Task directions: Leave the pictures out and print, word for word, the lines below from the one with "LITOARTE| BOTÕES EM" through the final line.

Data to process:
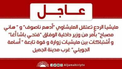 مليشيا الردع تعتقل المليشاوي “أدهم ناصوف” و ” هاني مصباح” بأمر من وزير داخلية الوفاق “فتحي باشا أغا” و أشتباكات…
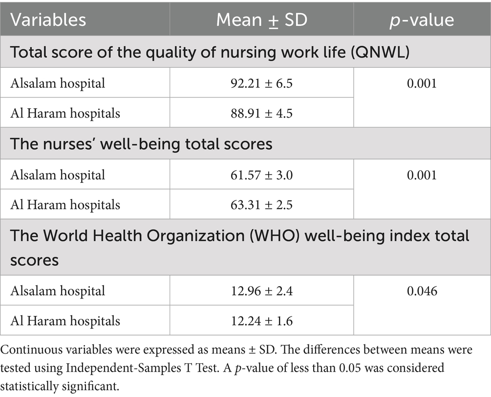 Table 6 illustrates that nurses at Alsalam Hospital scored higher on the total QNWL Scale and the WHO Well-Being Index but had lower total scores on the Nurses’ Well-Being Assessment Tool compared to nurses at Al Haram Hospital. Additionally, statistically significant differences were observed between the two hospitals in both the WHO Well-Being Index and QNWL survey total scores (p-values < 0.05).
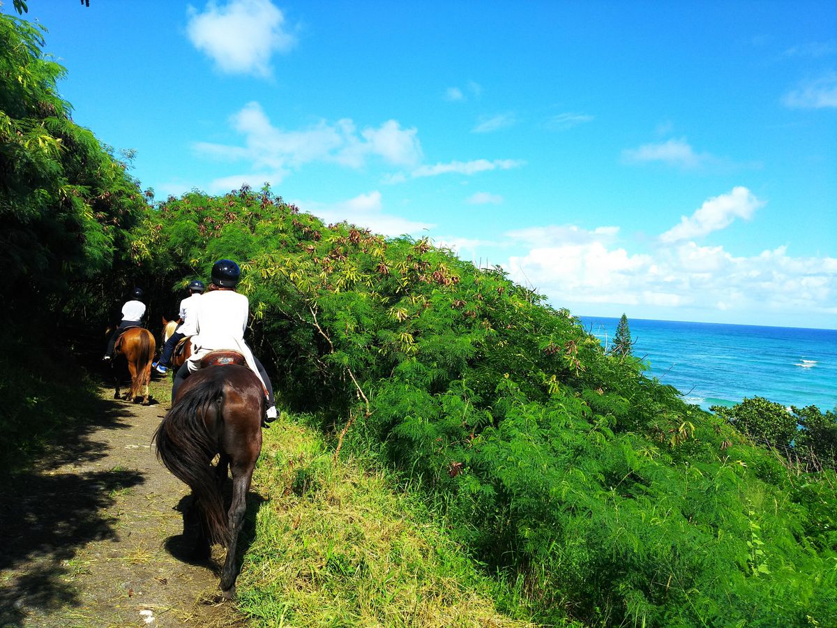 2時間コースに参加。久しぶりに馬に乗るというのに、事前のレクチャーは右に行きたいときは手綱を右に引き、左の時は左にということと、草などを馬が食べ始めたら、しっかりと手綱を引いて辞めさせるようにというものくらいででした。心配しながら馬に乗ったのだが、馬がとてもおりこうさんで、しっかり前の馬の後について進んでいってくれました。こんもりとした森の中を進んだかと思うと海が見える小径をいったり、ジュラシックパークの撮影地だったのでしょうか、大きな恐竜の骨がいくつも置いてある場所があったりで楽しめました。狭い道を向こうからも馬に乗った人たちが来て、すれ違えるのかとドキドキしたり、バギーが走っているのに出会ったり、2時間はあっという間でした。しかし、途中からお尻が痛くなったのは予想外でしたが、楽しむことができたツアーになりました。
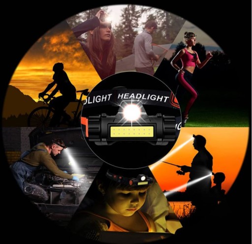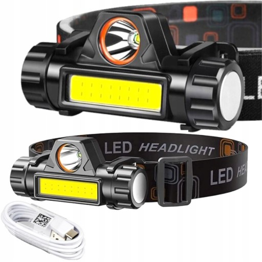 Latarka LED CZOŁOWA Taktyczna lampka COB USB 2tryby 250lm 4w1
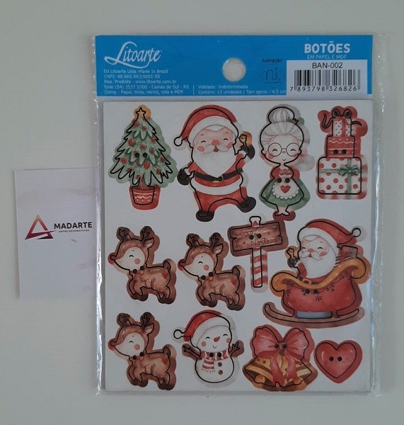 LITOARTE| BOTÕES EM PAPEL E MDF PAI NATAL 2.5-4.5CM
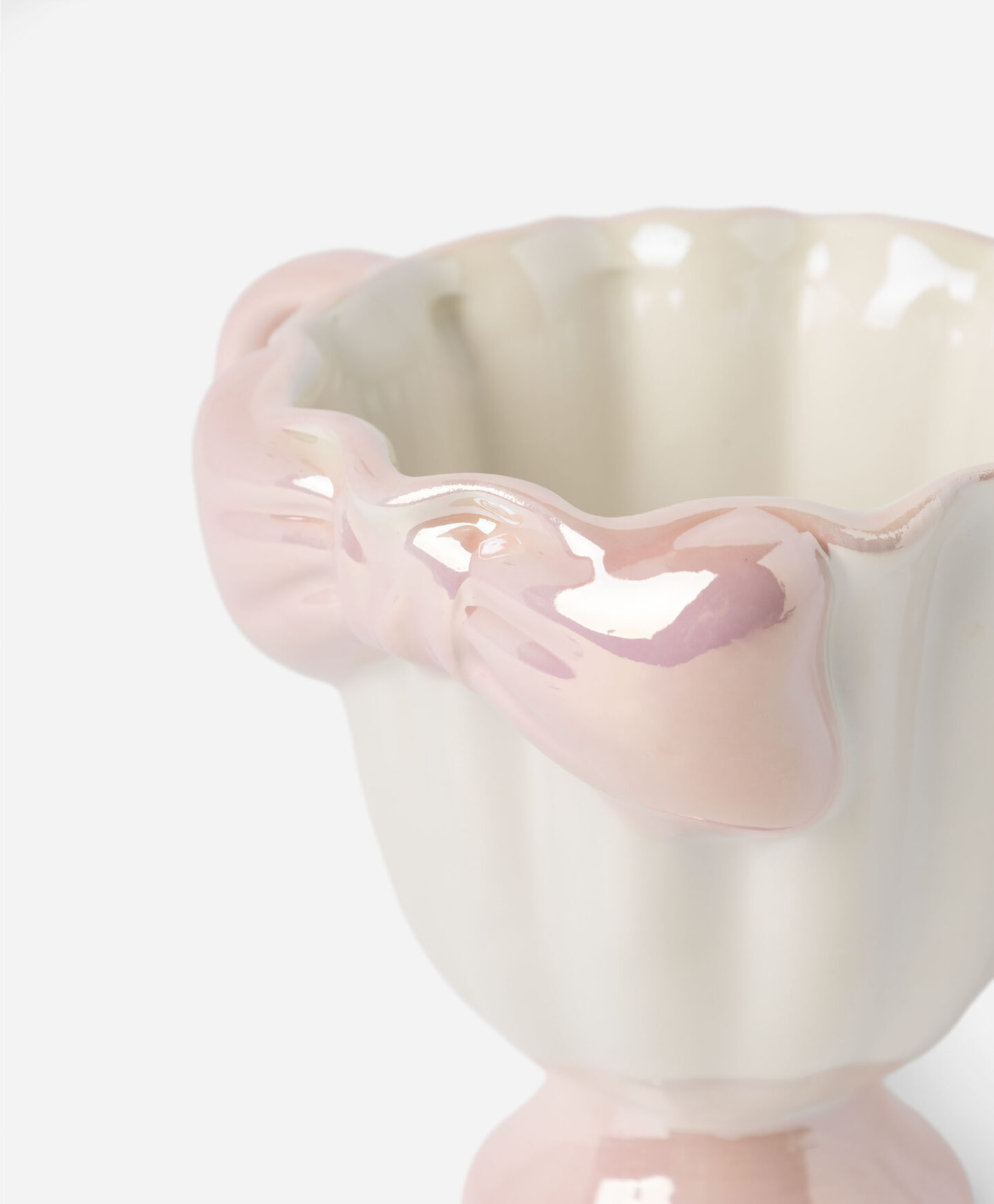 La taza perlada con lazo es un complemento elegante para tu vajilla. Su acabado nacarado refleja la luz de forma delicada. El lazo decorativo aporta un toque especial, ideal para disfrutar de tu bebida favorita o como regalo.
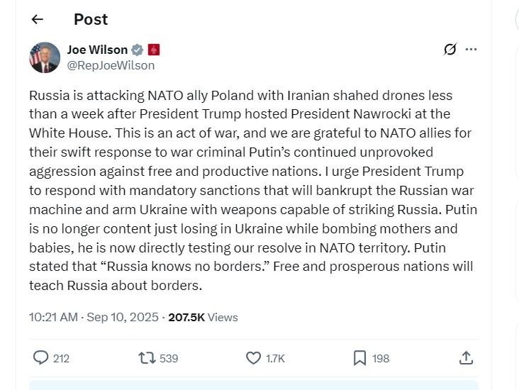 🔸عضو کنگره آمریکا: حمله روسیه به لهستان، یک اقدام جنگی است.
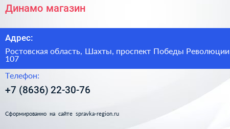 Динамо, магазин по адресу Ростовская область, Шахты, проспект Победы Революции, 107 в дальнейшем Организация, размещена в следующих категориях:
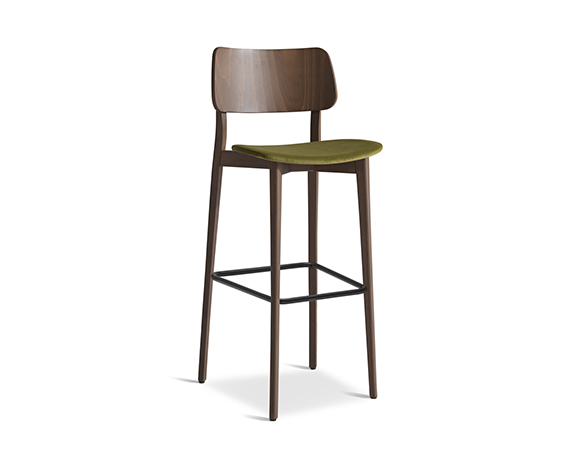 Solid wood bar stool. Upholstered seat. Available in wood stain finish or lacquered finish.

Solution for this exercise:
 LITOARTE| BOTÕES EM PAPEL E MDF PAI NATAL 2.5-4.5CM
 La taza perlada con lazo es un complemento elegante para tu vajilla. Su acabado nacarado refleja la luz de forma delicada. El lazo decorativo aporta un toque especial, ideal para disfrutar de tu bebida favorita o como regalo.
 🔸عضو کنگره آمریکا: حمله روسیه به لهستان، یک اقدام جنگی است.
 Динамо, магазин по адресу Ростовская область, Шахты, проспект Победы Революции, 107 в дальнейшем Организация, размещена в следующих категориях:
 Solid wood bar stool. Upholstered seat. Available in wood stain finish or lacquered finish.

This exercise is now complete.